What to work on = When you reach the line that contains "为保障生产设备稳定运行、优化", set down that line and every one after it through the end of the records, exactly as written and with no pictures.

[Records from a data collection]

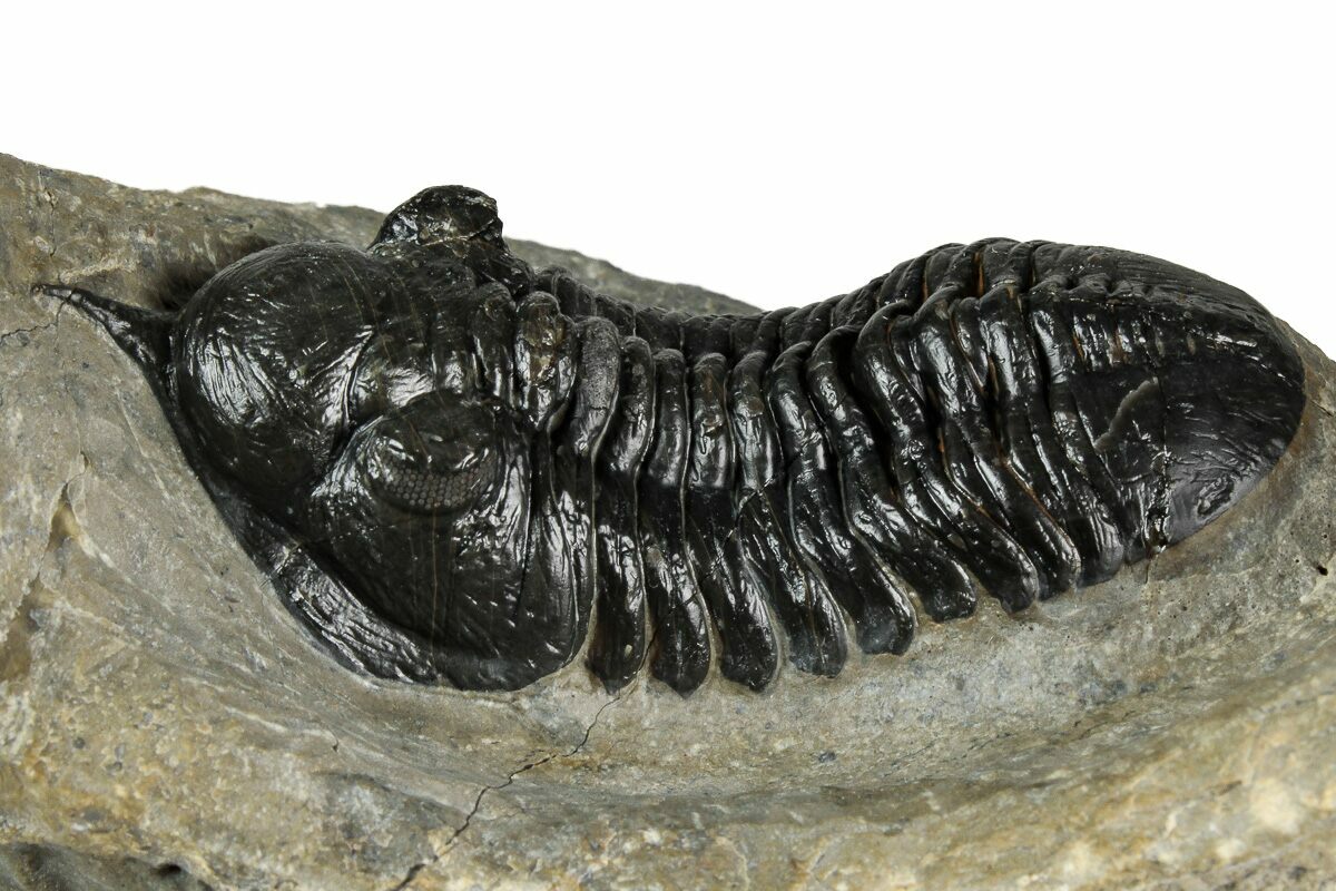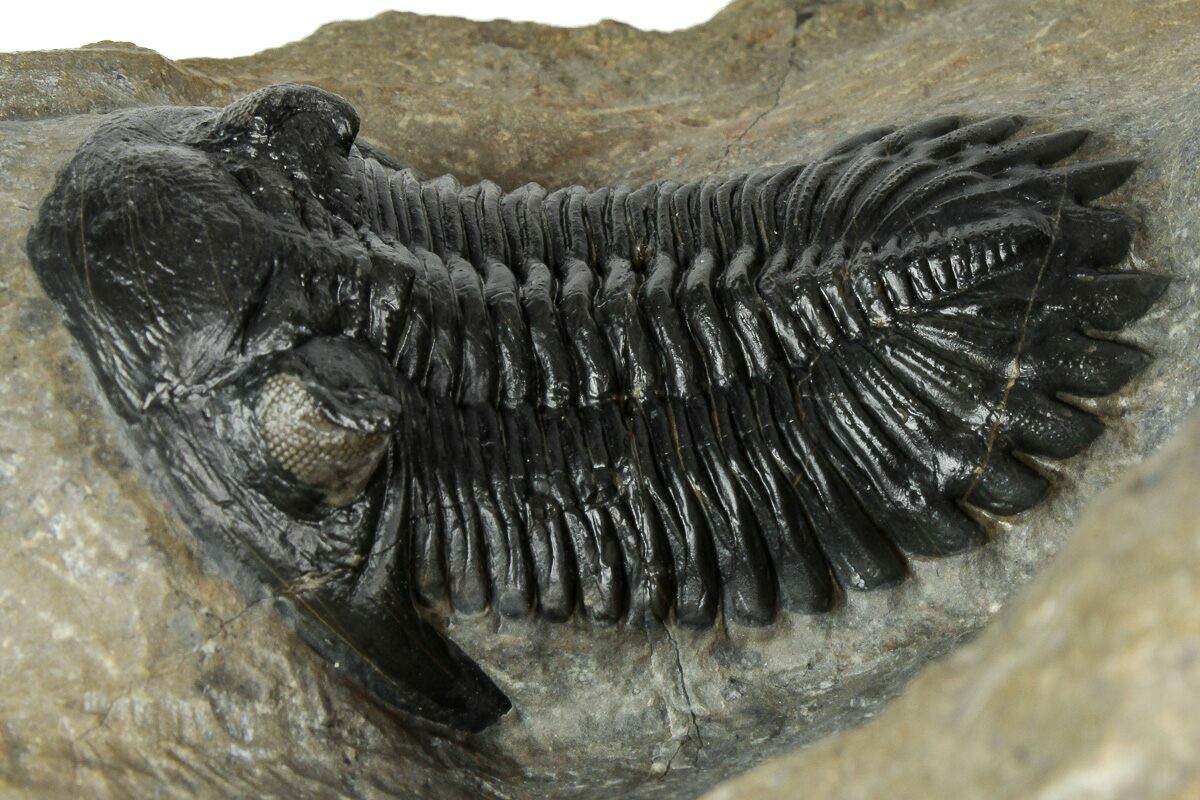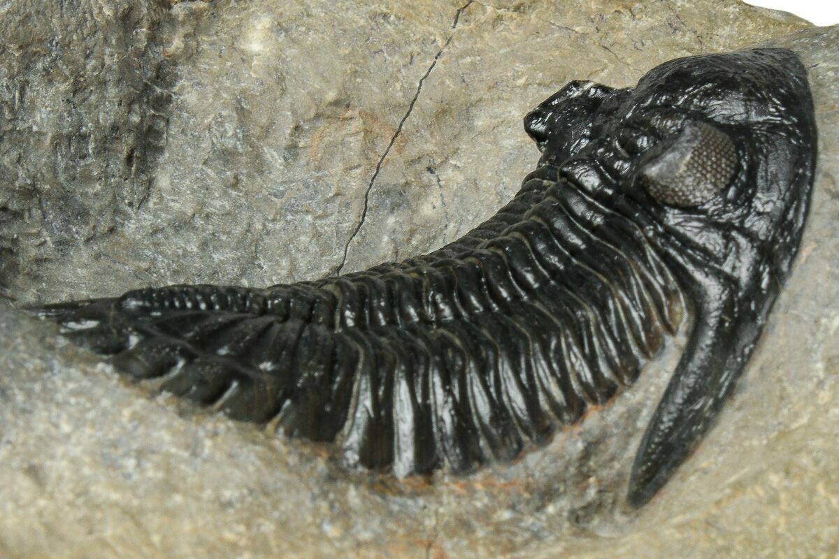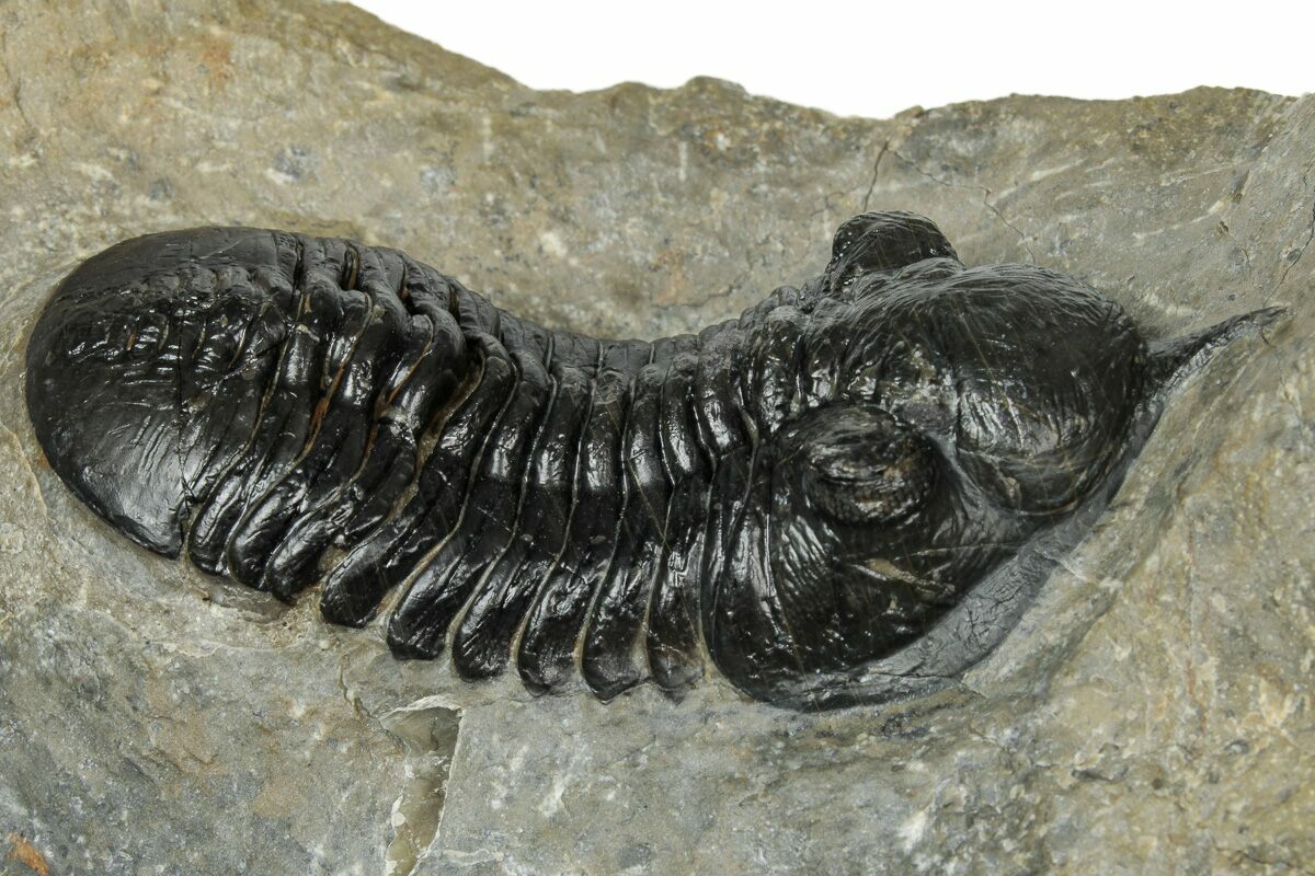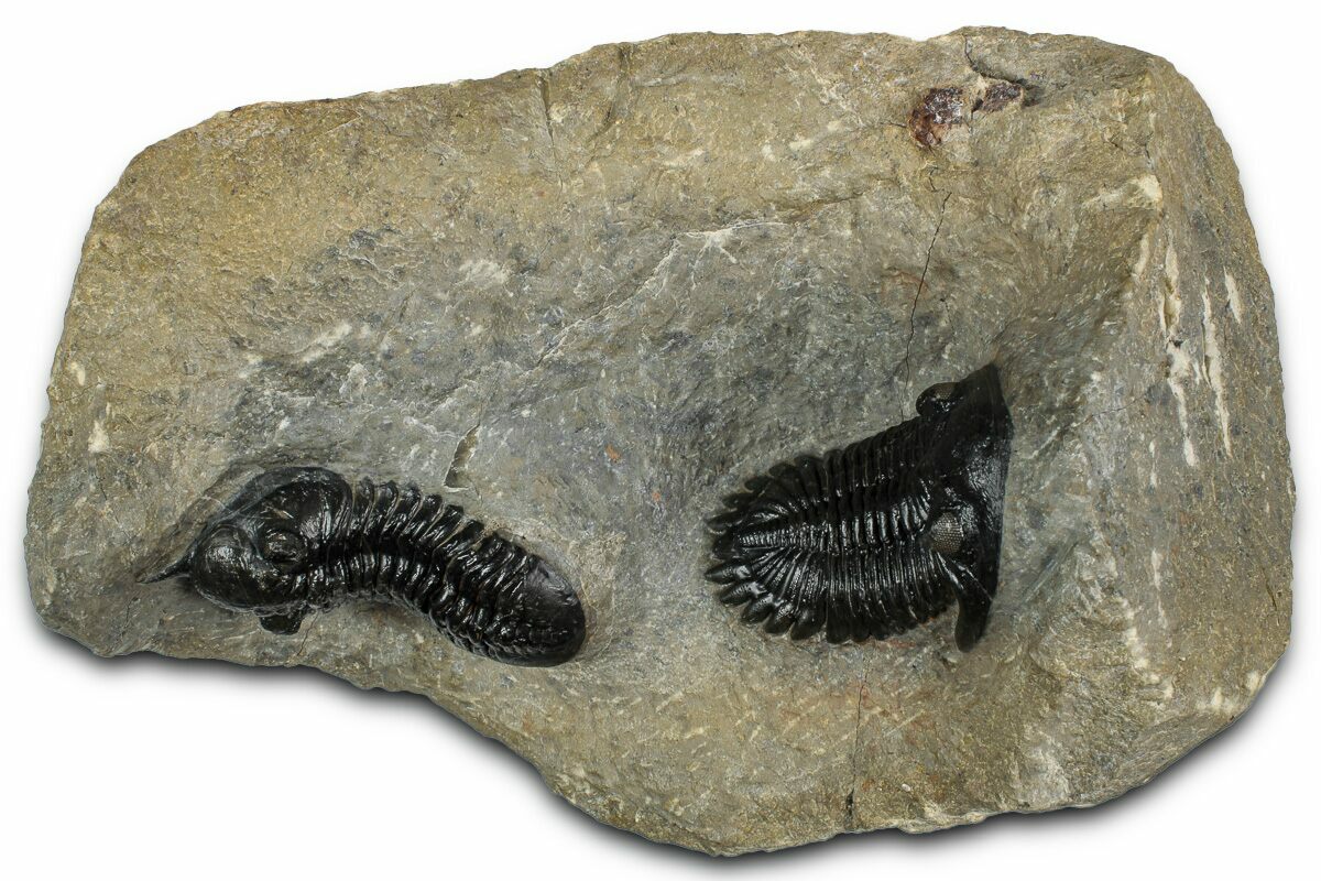 This is a fantastic, natural association of a 2.7" long Morocconites malladoides trilobite along with a 2.5" Hollardops from the Tazoulait Formation of Morocco. Both trilobites are outstretched and nicely prepared. Visible eye facets in both specimens with just about 1% shell restoration along repaired cracks.
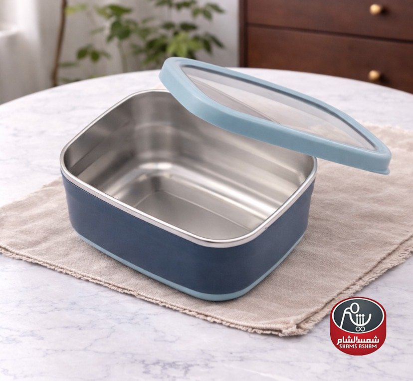 علبة حفظ طعام ستانلس ستيل2.1L عملية بغطاء محكم شفاف، مثالية لحفظ الوجبات والسلطات داخل الثلاجة أو للسفر، مقاومة للصدأ وسهلة التنظيف وتحافظ على الطعام طازجاً لفترة أطول
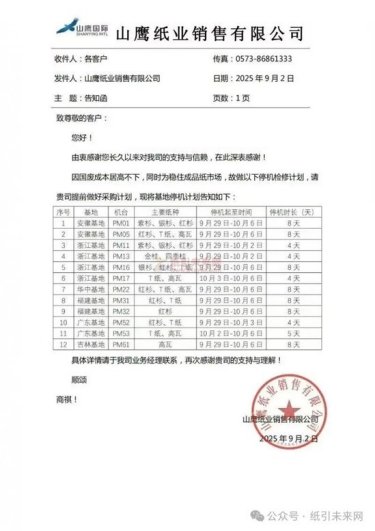 为保障生产设备稳定运行、优化生产节奏,山鹰纸业旗下六大基地确定了停机时间,具体安排为9月29日至10月6日。此次涉及停机的基地包括安徽基地、浙江基地、华中基地、福建基地、广东基地以及吉林基地
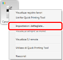 Fare clic con il pulsante destro del mouse su Quick Printing Tool su cui sono registrate le periferiche da monitorare e selezionare [Impostazioni dettagliate].
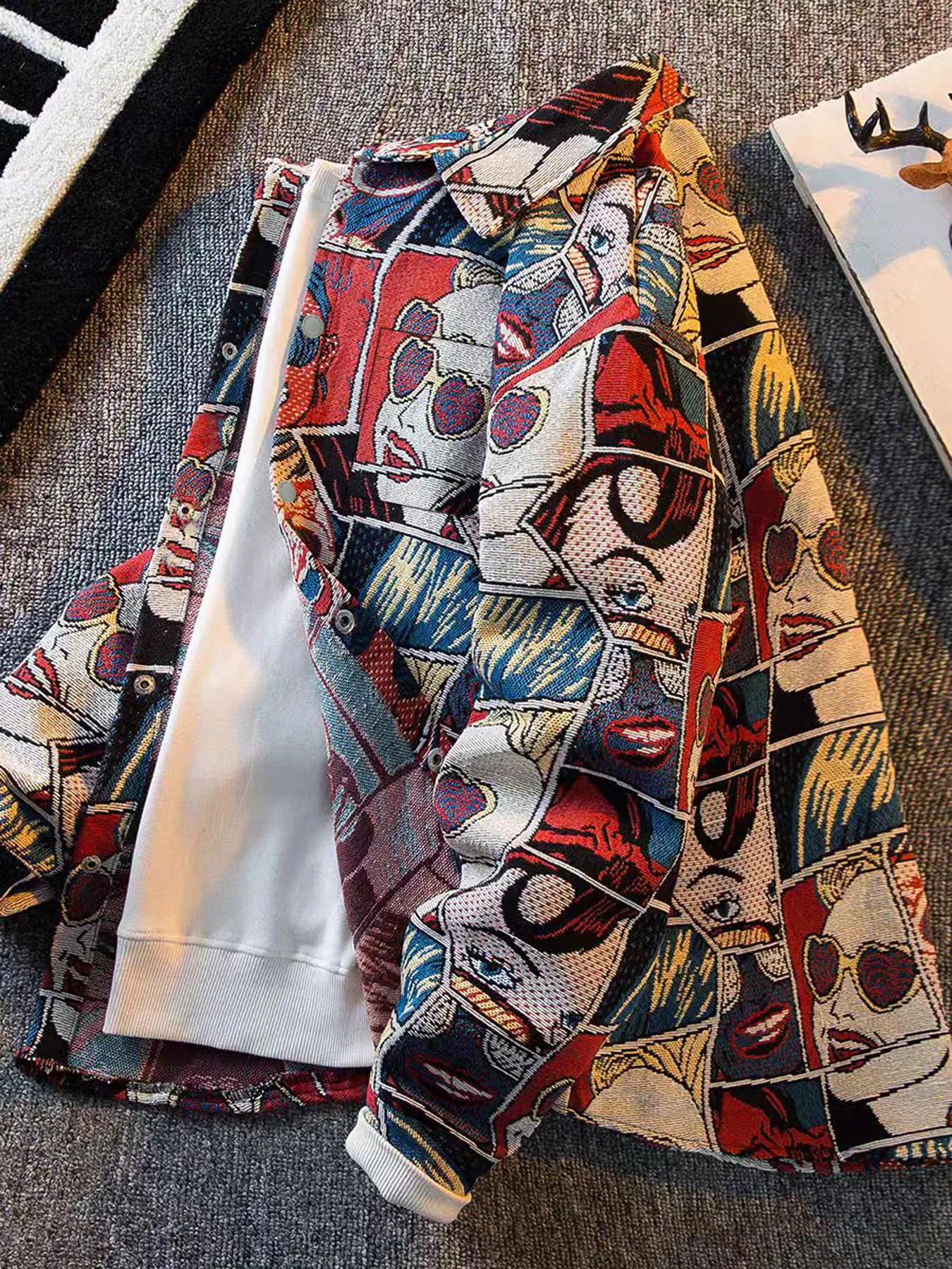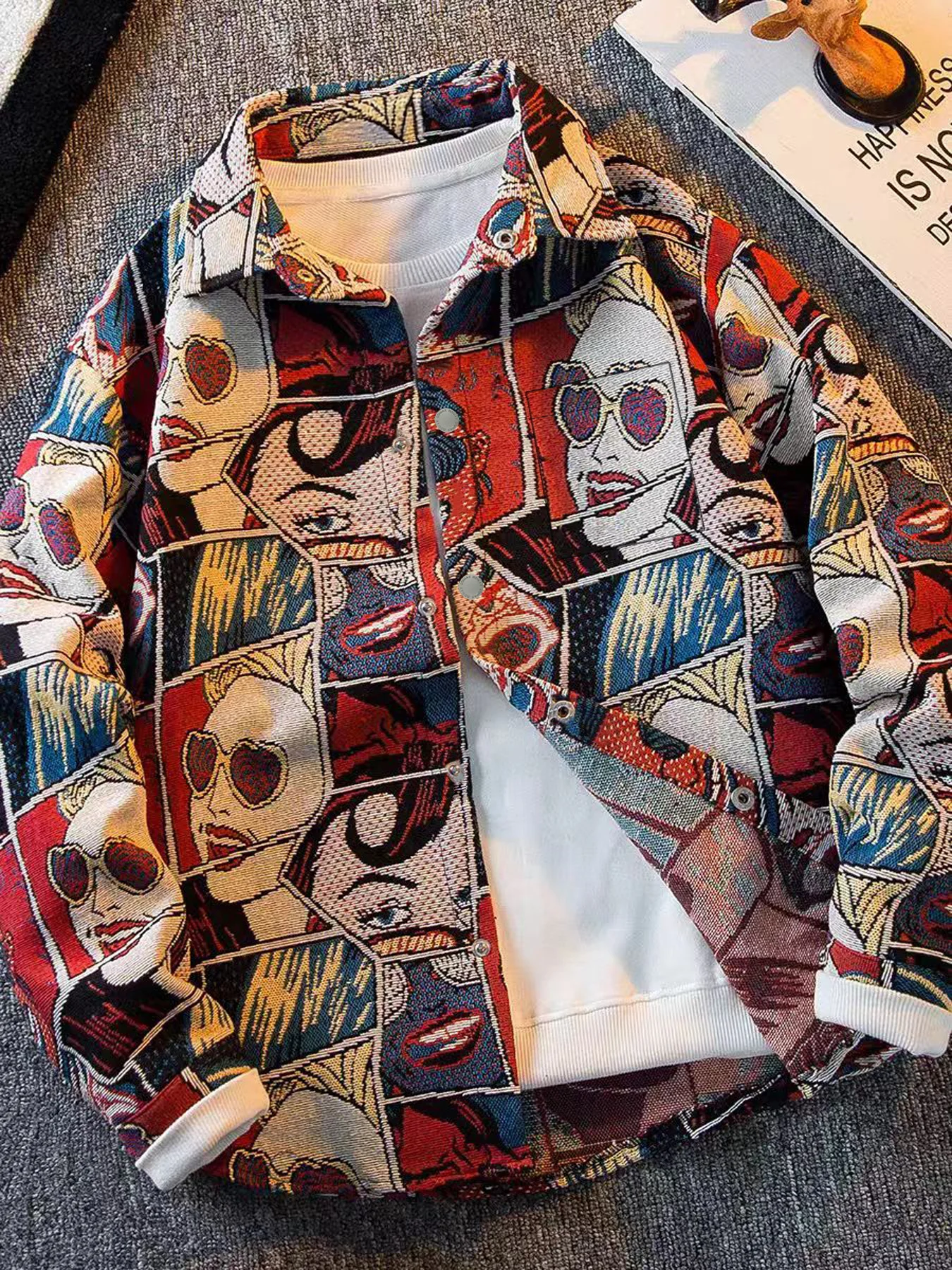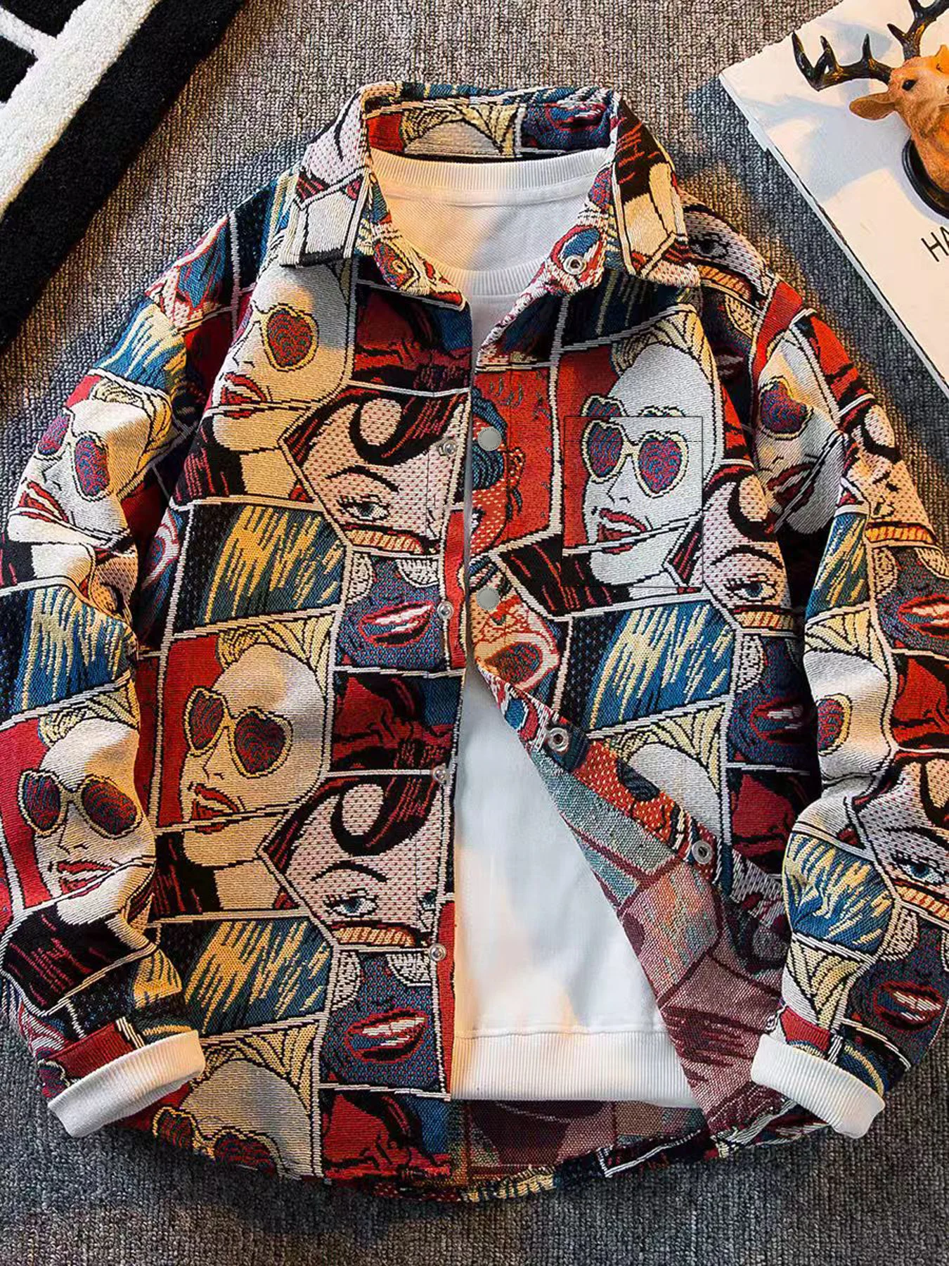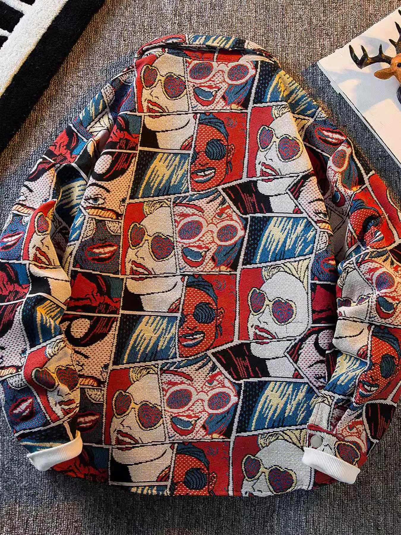 Spring and autumn trendy rugged stylish workwear jacket for men, American design, retro fun cartoon comic print jacket

Result of this task =
 为保障生产设备稳定运行、优化生产节奏,山鹰纸业旗下六大基地确定了停机时间,具体安排为9月29日至10月6日。此次涉及停机的基地包括安徽基地、浙江基地、华中基地、福建基地、广东基地以及吉林基地
 Fare clic con il pulsante destro del mouse su Quick Printing Tool su cui sono registrate le periferiche da monitorare e selezionare [Impostazioni dettagliate].
 Spring and autumn trendy rugged stylish workwear jacket for men, American design, retro fun cartoon comic print jacket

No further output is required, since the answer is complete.